And this, in short, EUGENIUS, is the reason why you have now so few good
poets, and so many severe judges. Certainly, to imitate the Ancients
well, much labour and long study is required: which pains, I have already
shown, our poets would want encouragement to take; if yet they had ability
to go through with it.

"Those Ancients have been faithful Imitators and wise Observers of that
Nature, which is so torn and ill-represented in our Plays. They have
handed down to us a perfect Resemblance of Her, which we, like ill
copyers, _neglecting to look on_, have rendered monstrous and disfigured.

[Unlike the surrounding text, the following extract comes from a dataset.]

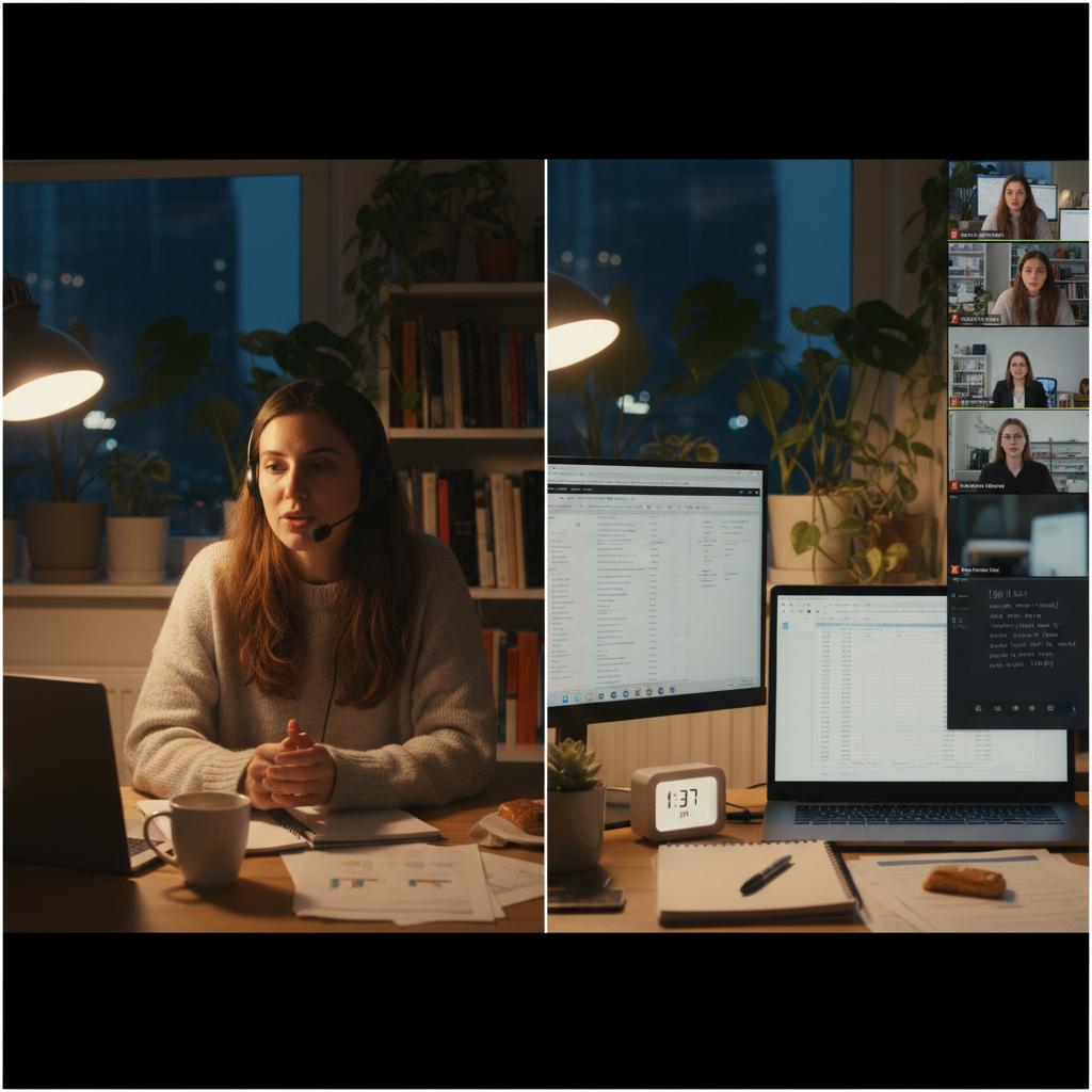 - Curate your space: Clean, neutral background with professional lighting. Eliminate distractions—phones off, browser tabs closed.

"But that you may know, how much you are indebted to your Masters! and be
ashamed to have so ill-requited them! I must remember you, that all the
Rules by which we practise the Drama at this day (either such as relate
to the Justness and Symmetry of the Plot; or the episodical ornaments,
such as Descriptions, Narrations, and other beauties which are not
essential to the play), were delivered to us from the Observations that
ARISTOTLE made of those Poets, which either lived before him, or were his
contemporaries. We have added nothing of our own, except we have the
confidence to say, 'Our wit is better!' which none boast of in our Age,
but such as understand not theirs. Of that book, which ARISTOTLE has left
us, [Greek: peri taes Poietikaes]; HORACE his _Art of Poetry_ is an
excellent _Comment_, and, I believe, restores to us, that Second Book of
his [_i.e., ARISTOTLE_] concerning _Comedy_, which is wanting in him.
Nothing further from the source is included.